Но о российских дорогах гораздо больше воспоминаний, отзывов и суждений совсем иного свойства. В них говорится отнюдь не о «паркетном» полотне…

Летом 1654 г. через Украину, с юга, в Москву добирался патриарх Антиохийский Макарий III. Ехавший с ним его сын архидиакон Павел Алеппский описывал эту дорогу так: «Одному всевышнему Богу известно, до чего трудны и узки здешние дороги: мы, проезжая по разным дорогам от своей страны до сих мест, не встречали таких затруднений и таких непроходимых путей, как здешние, от которых поседели бы и младенцы. Рассказать – не то, что видеть собственными глазами: густота деревьев в лесах такова, что земля не видит солнца. В эти месяцы, в июле и августе, дожди не переставая лили на нас, вследствие чего все дороги были покрыты водой: на них образовались ручьи, реки и непролазная грязь. Поперёк узкой дороги падали деревья, которые были столь велики, что никто не был в силах их разрубить или отнять прочь; когда подъезжали повозки, то колёса их поднимались на эти деревья и потом падали с такою силой, что у нас в животе разрывались внутренности. Мы добирались к вечеру не иначе, как мёртвые от усталости, ибо одинаково терпели и ехавшие в экипаже, и всадники, и пешие». Вот они оказались уже в районе Оки, перед Калугой: «Дорога была чрезвычайно трудна, и мы много страдали от усталости и тягостей свыше всякого описания, ибо весь путь состоял из подъёмов и спусков, был покрыт древесными корнями, водой и глубокою грязью и так узок, что не вмещал (патриаршей) кареты». За Калугой: «Но дорога чрезвычайно трудна…» Она была очень узка и настолько неудобна для проезда, «что внутренности разрывались у нас в животе от толчков экипажа и ломались оси колёс. Мы терпели великие затруднения. Знай, что по этой причине большинство едущих в эту страну отправляются во время Богоявления и заговений (перед великим постом), так как земля и дороги в ту пору бывают ровны: нет ни подъёмов, ни спусков, но они как бы вымощены плитами из льда и глубокого снега; и по той причине в особенности, что экипажи, называемые санями, т. е. бесколёсные, скользят, передвигаясь с быстротой свыше всякой меры»[518]. Об ужасах русской зимы, которые южанам из свиты патриарха пришлось испытать на себе, Павел Алеппский также повествовал, и весьма обстоятельно. А тогдашний летний путь оказался особенно труден оттого, что в те дни постоянно лили дожди. Да и лесные дороги, по которым они добирались, были слишком узки. Раскисшие от воды просеки и тропы; упавшие стволы деревьев; колеи, заполненные грязью; выступающие то тут, то там древесные корни; застревающая в чащобе широкая карета патриарха…
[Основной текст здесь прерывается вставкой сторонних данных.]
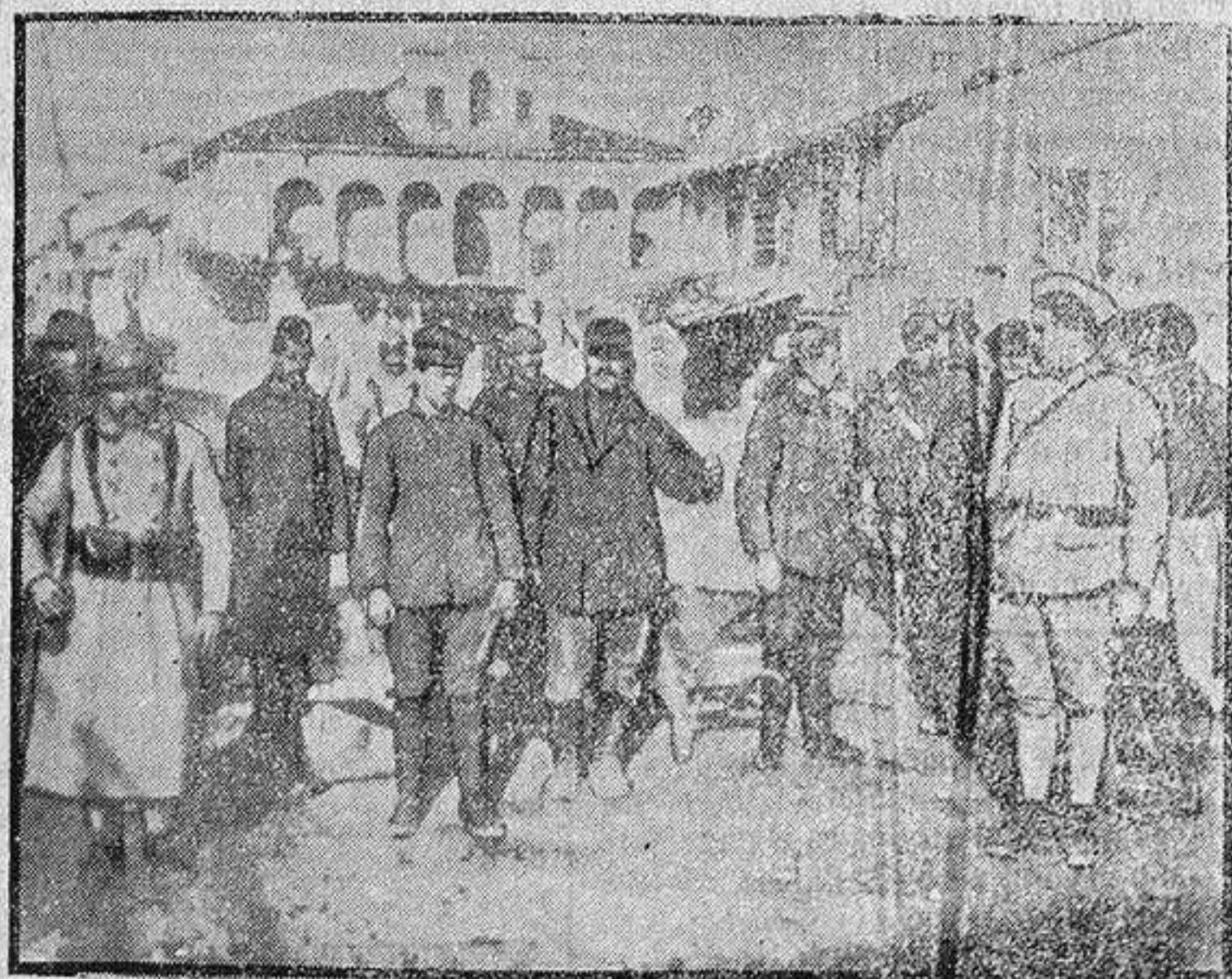
Prisioneros alemanes y austriacos trabajando en Italia Foto Información

Спустя 200 лет, в 1856 г. литератор С. В. Максимов, командированный Морским министерством для объезда Русского Севера, добирался из Петербурга в столицу северного края, губернский центр Архангельск. Своё самочувствие после долгого пути по зимним дорогам он воспроизводил в опубликованной через три года книге:

«Поздним зимним вечером подъезжал я в первый раз к Архангельску. Неприятности дальнего, с лишком тысячевёрстного пути возымели свою силу: чувствовалась физическая истома, нравственная пустота, болел весь состав тела, ныл, кажется, каждый мускул, воображение наполняли какие-то мрачные, невесёлые образы. Тягостные впечатления принесли за собою прошлые сутки, ничего хорошего не сулили будущие. Так, по крайней мере, казалось на то время, когда привелось осиливать последние вёрсты. Как будто вдвое-втрое ленивее плелись почтовые лошади, как будто сильнее и чаще обстукивала последние ухабы и выбоины неладно кроеная, но крепко сшитая почтовая кибитка. Как будто назло в этот раз и самое небо глядело сумрачнее, затянутое сплошною грядою облаков: ни звёздочки на нём, ни искорки. Сверкнёт своими невесёлыми огнями спопутная деревушка, обдаст она теплом своим, и опять непроглядная лесная чаща впереди и по бокам, и снова ровная поляна, отдающая матовым, мертвенно-синим снежным отливом. Волк бы взвыл, собака бы взлаяла, хоть бы сторож, наконец, где-нибудь стукнул в доску спросоньев – повеселил бы изнывшую от сосредоточенной тоски душу, оживил бы истомлённое до крайних пределов воображение.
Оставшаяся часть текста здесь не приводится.